With our big eating holiday behind us, we're ready for some healthy restaurant news. Greenville Avenue will soon welcome a new serve-yourself salad concept. Coppell will be home to a new player in the self-serve frozen-yogurt world. And Lakewood, a neighborhood better known for independently owned restaurants, will soon become the latest location for a well-known healthy-ish restaurant chain.
The diet starts here:
Orange Leaf Frozen Yogurt, a fro-yo chain out of Oklahoma with more than 280 branches around the world, will open a branch at 817 S. MacArthur Blvd. in Coppell. Orange Leaf is one of the fastest-growing self-serve frozen dessert franchises. It's a self-serve, choose-your-own-toppings kind of place with a multitude of delicious, traditional and original flavors along with no sugar-added, gluten-free and dairy-free alternatives, plus the usual toppings bar.

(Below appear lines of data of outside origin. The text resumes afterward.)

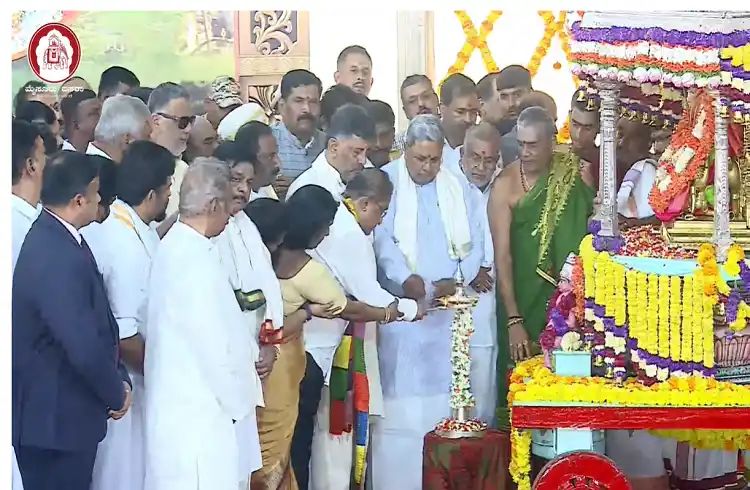 ಮುಖ್ಯಮಂತ್ರಿ ಸಿದ್ದರಾಮಯ್ಯ ಅವರು ವಿಶ್ವವಿಖ್ಯಾತ ಮೈಸೂರು ದಸರಾ ಮಹೋತ್ಸವಕ್ಕೆ ಚಾಮುಂಡಿ ಬೆಟ್ಟದಲ್ಲಿ ಚಾಮುಂಡೇಶ್ವರಿ ದೇವಿಗೆ ಅಗ್ರ ಪೂಜೆ ಸಲ್ಲಿಸುವ ಮೂಲಕ ಸಾಂಪ್ರದಾಯಿಕವಾಗಿ ಚಾಲನೆ ನೀಡಿದರು. ಉಪ ಮುಖ್ಯಮಂತ್ರಿ ಡಿ.ಕೆ.ಶಿವಕುಮಾರ್ ಅವರು ಮುಖ್ಯಮಂತ್ರಿಗಳ ಜತೆಗಿದ್ದರು
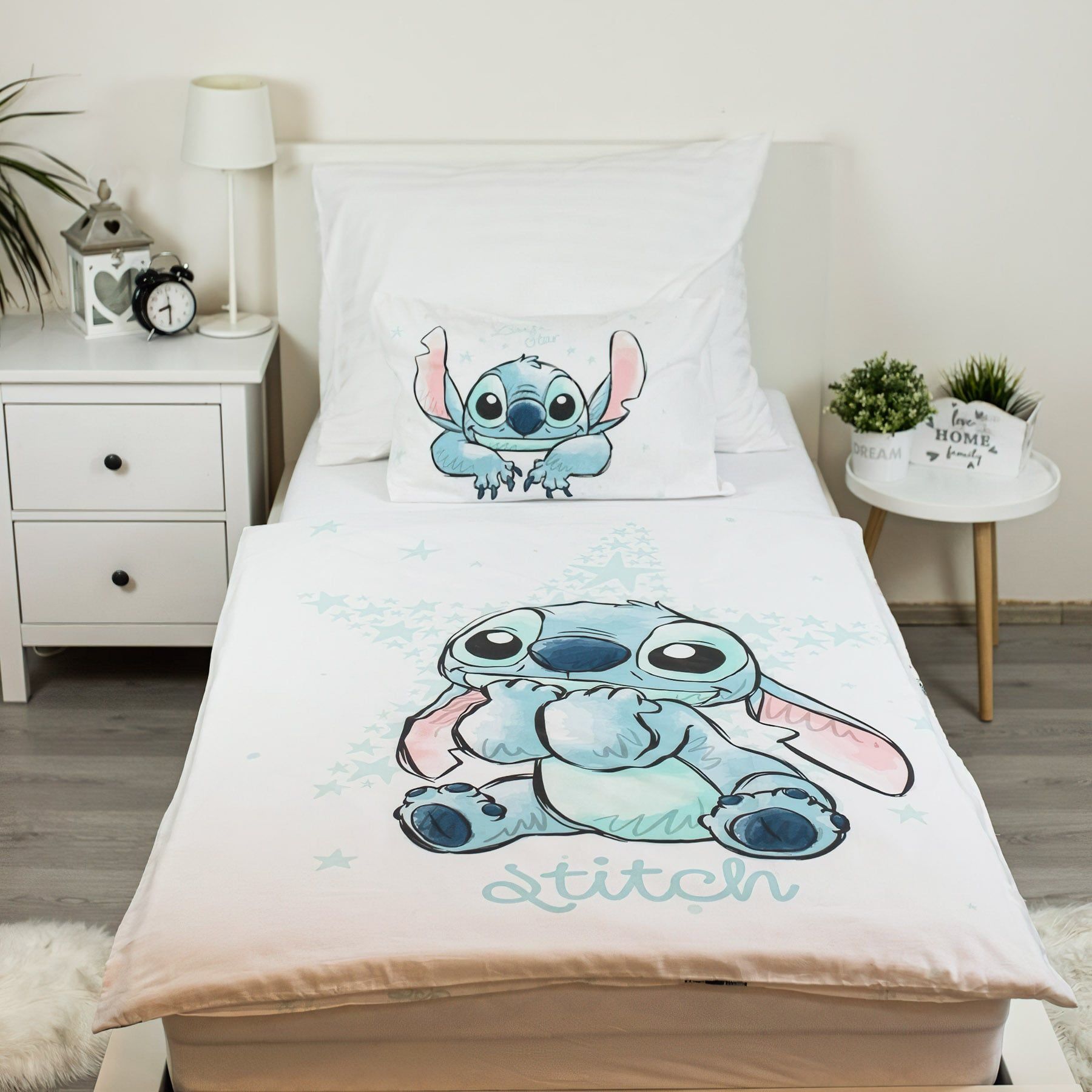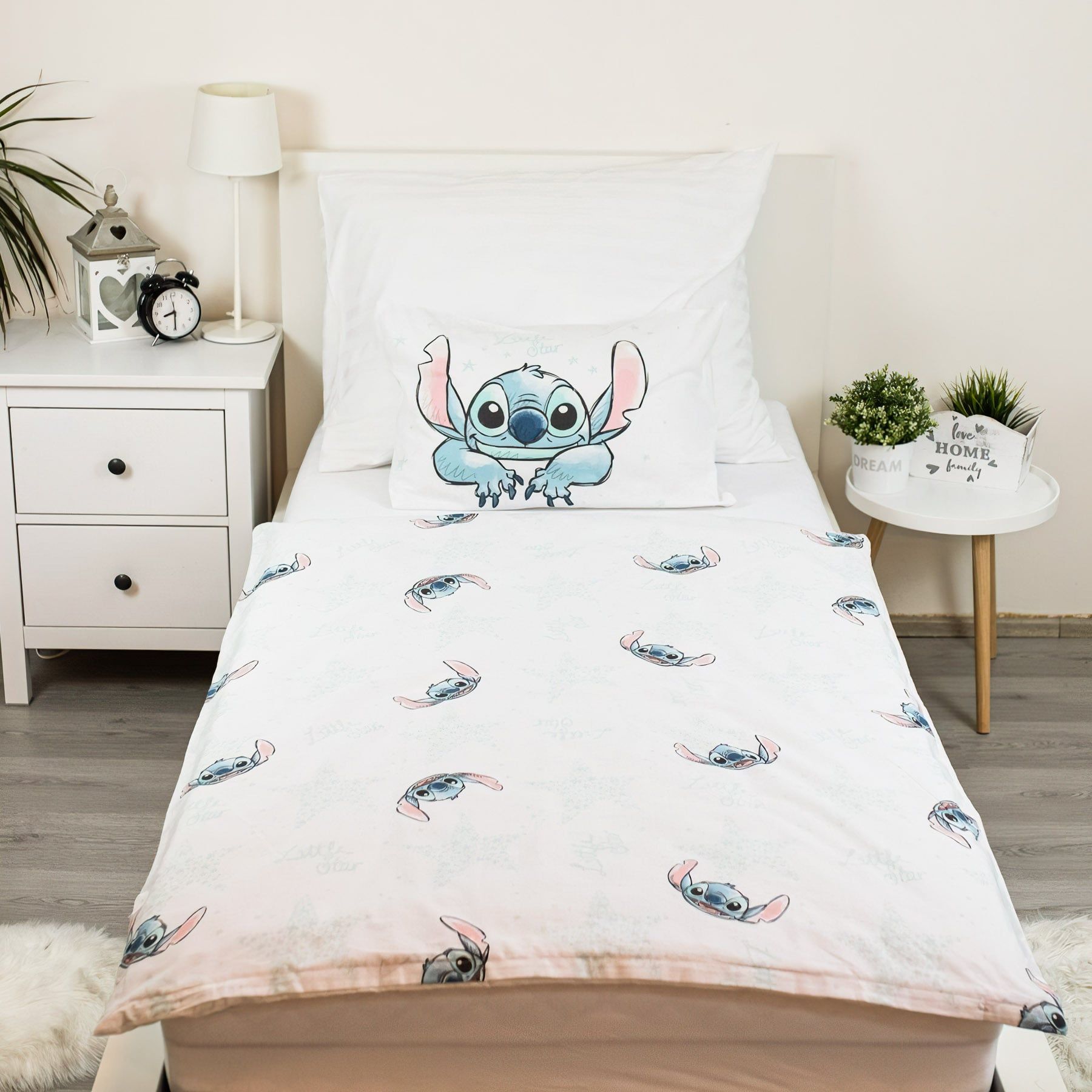 Dětské bavlněné povlečení do postýlky se vzorem malého pejska Stitche z animované komedie Lilo a Stitch na bílém podkladu s s hvězdami. Povlečení je oboustranné z druhé strany jsou malé postavičky s hvězdami na bílé. Souprava je vyrobena ze 100% bavlny a obsahuje jeden povlak na přikrývku 100 x 135 cm a jeden povlak na polštář 40 x 60 cm. Zapínání na zip.Dětské povlečení rozveselí každý pokojíček a Vašim dětem se v něm bude krásně usínat. Maminky zase ocení vysoce kvalitní materiál, díky kterému si povlečení zachová své vlastnosti i po mnoha vypráních. Díky speciální technice tisku je také zaručena barevná stálost. Povlečení doporučujeme prát na 60°C tiskem dovnitř, při nastavení nižších otáček ždímání si také usnadníte žehlení. Vyberte si to pravé pro Vaše dítě.
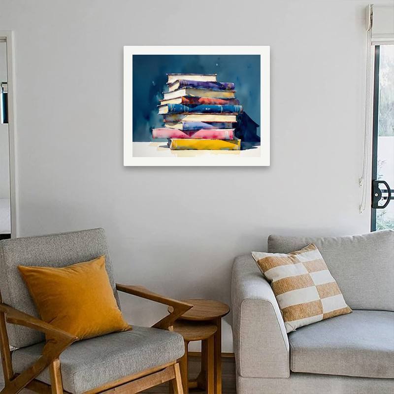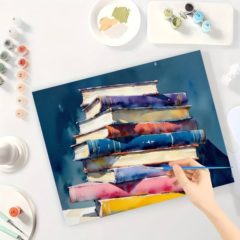 Kit de pintura por números para amantes de los libros para adultos, libro colorido DIY apilado irregularmente de 16x20 pulgadas, regalos de arte sin marco
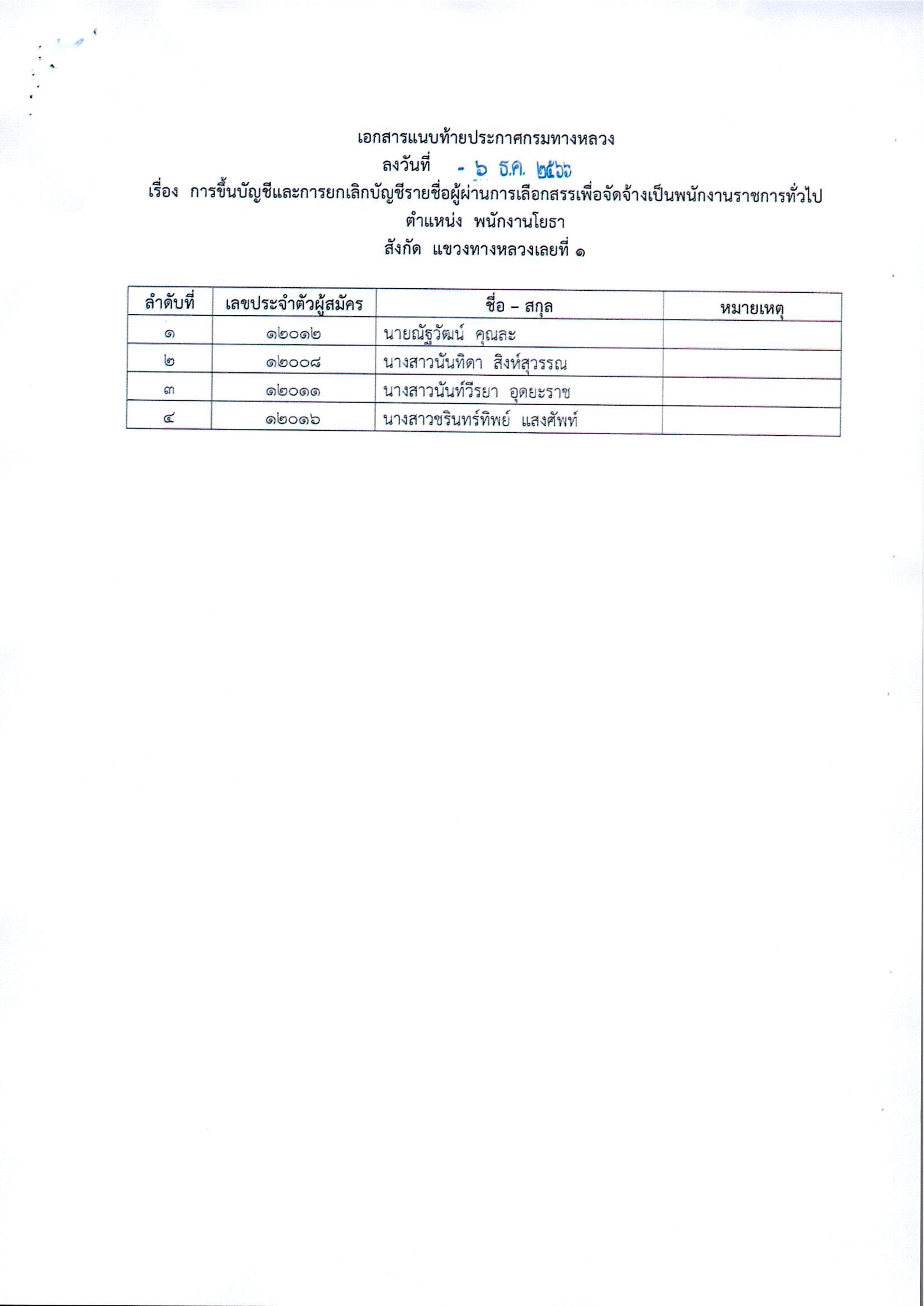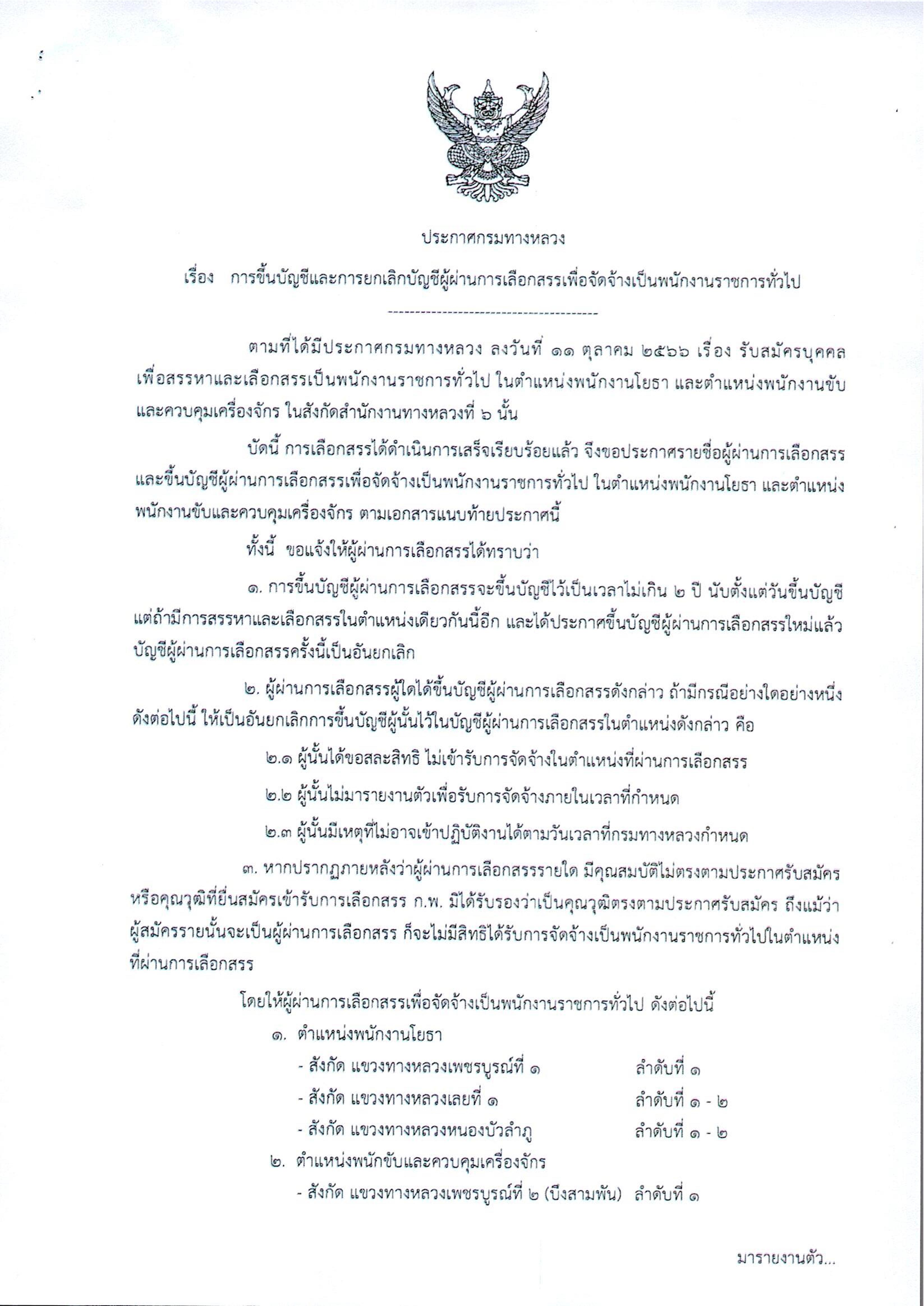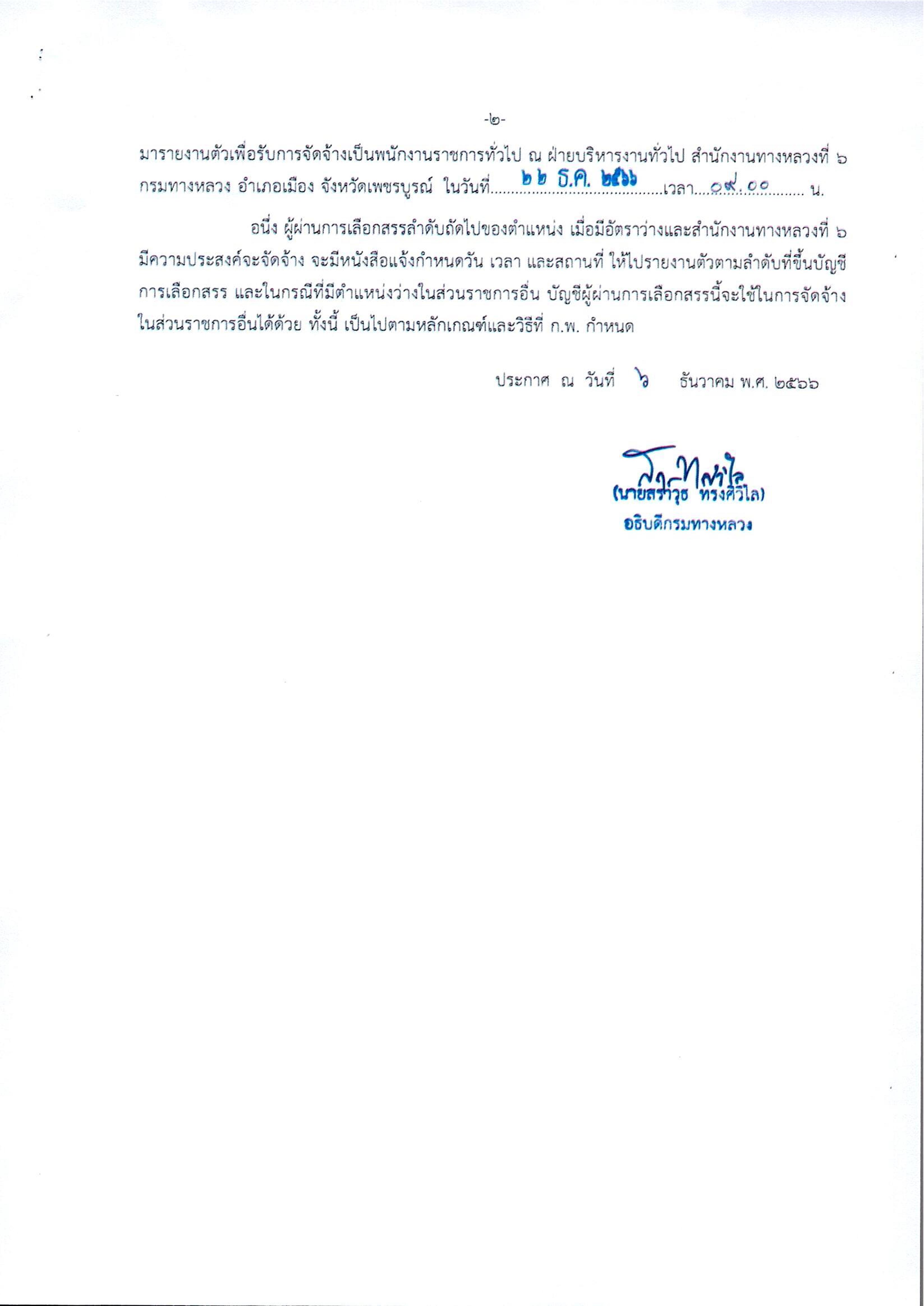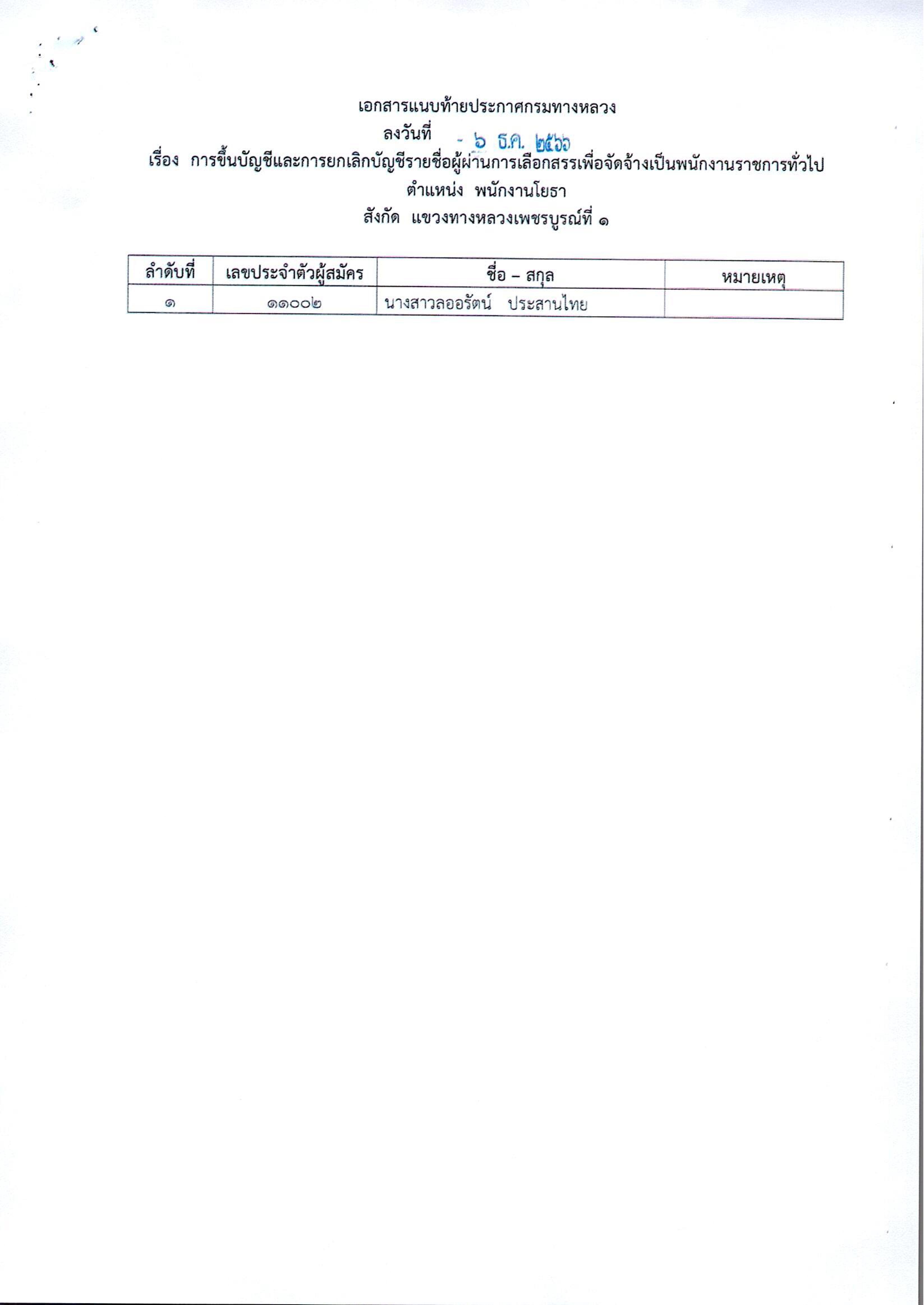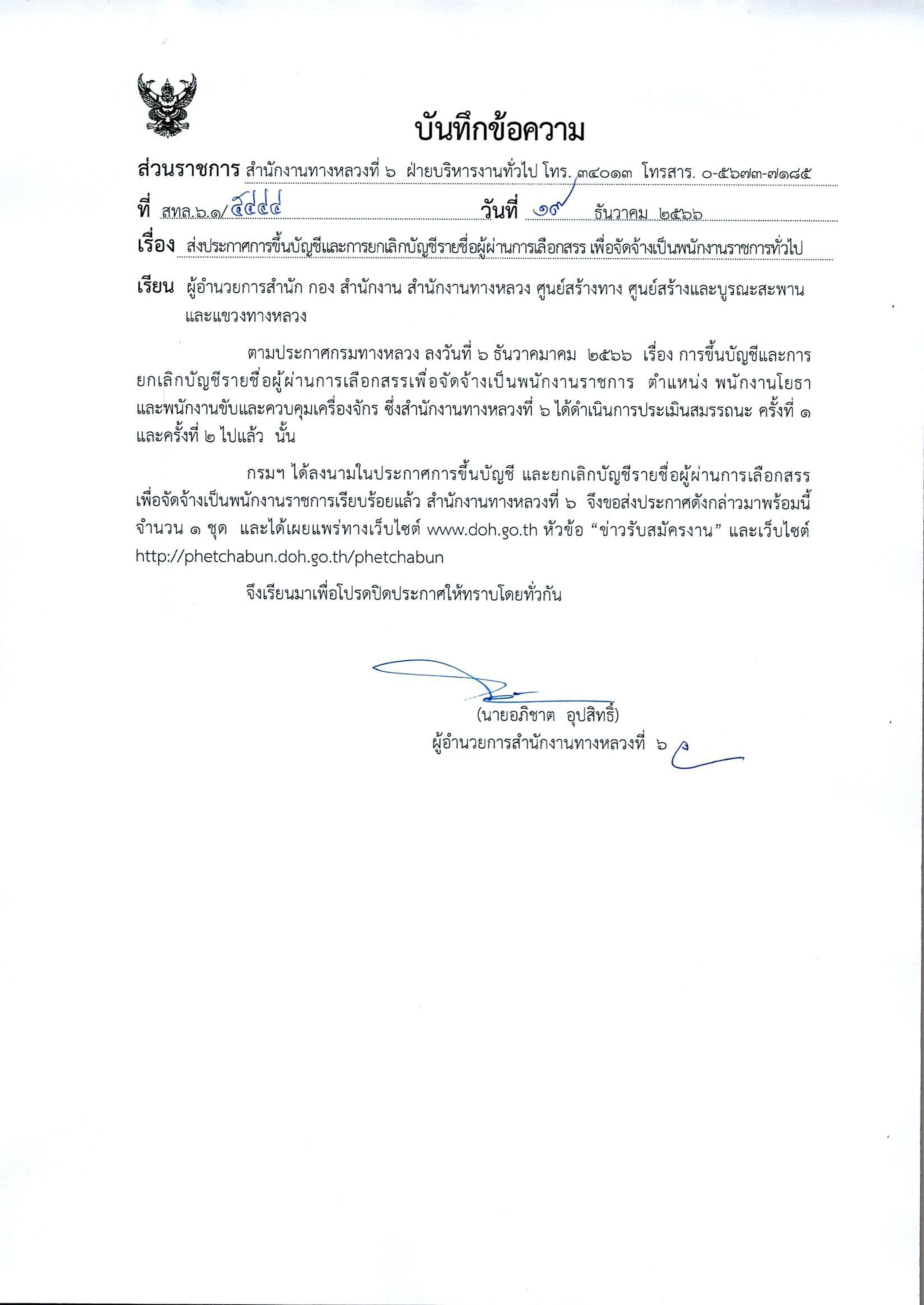 สำนักงานทางหลวงที่ 6 (เพชรบูรณ์) ประกาศผลสอบผู้ผ่านการเลือกสรรเพื่อจัดจ้างเป็นพนักงานราชการทั่วไป ตำแหน่งพนักงานโยธา, พนักงานขับและควบคุมเครื่องจักร

Chipotle Mexican Grill will open its Lakewood area location on December 7, at 2201 Abrams Rd. The new 2,132-square-foot restaurant features indoor and outdoor seating for about 80 guests and will be open daily from 11 am to 10 pm. Expect the signature menu of burritos, tacos, burrito bowls (burritos minus the tortilla) and salads, with meats and vegetarian options such as grilled vegetables, black beans, pinto beans and guacamole, all made fresh several times daily. Chipotle burritos and burrito bowls can be ordered with white or brown rice and topped with mild, medium or hot salsas.
Build-your-own salad restaurant Crisp Salad Company celebrates its grand opening on Lower Greenville on December 4. Guests can opt to build their own or order off the menu from one of the signature salads such as Cobb, kale, curry Waldorf and Thai. There are 70-plus toppings and six dressings: jalapeño ranch, avocado tzatziki, truffle dressing, spicy Thai peanut, cilantro lime, and sweet and smoky chipotle. Crisp Salad will make any salad into a wrap or flatbread, and it will offer soups, artisan bread, gluten-free bread, and mini cupcakes and yogurt parfaits.
FM Smoke House, the meaty restaurant in Irving owned by Christi and Brian Rudolph of Holy Grail Pub, recently updated its lunch menu, with chicken tacos, pulled pork tacos, brisket and pulled pork sandwiches. New desserts include ice cream and pudding – a croissant and buttermilk biscuit pudding topped with candied pecans, whiskey sauce and pecan porter ice cream.
Pour House Fort Worth has also added new-ish menu items, including cheeseburger salad; sriracha chicken sandwich, which is a deep-fried breaded chicken breast dipped in sriracha sauce and topped with Monterey Jack cheese; 7th Street burger with cream cheese, bacon, jalapeños and red onions; fish and chips; and onion rings.
Second Floor Bistro has a new fall menu with an American contemporary twist. Consider smoked duck confit gordita; Scottish salmon with root vegetable succotash and gold beet purée; pizza with boar and venison sausage, duck confit, red onion and piquillo pepper; filet Daniel with scallop and crab mousse; and smoked chicken atop pumpernickel stuffing, with broccoli and cranberry sauce. New desserts include pumpkin cheesecake pops and pear cobbler.
Salum and Komali, the two Uptown restaurants owned by chef Abraham Salum, have a new executive chef: Ian Tate. He was formerly with the Four Seasons Hotel in Washington, D.C. He previously helped open Brownstone in Fort Worth, Rathbun's Blue Plate Kitchen and Slow Bone. He also is a former executive chef of Nova.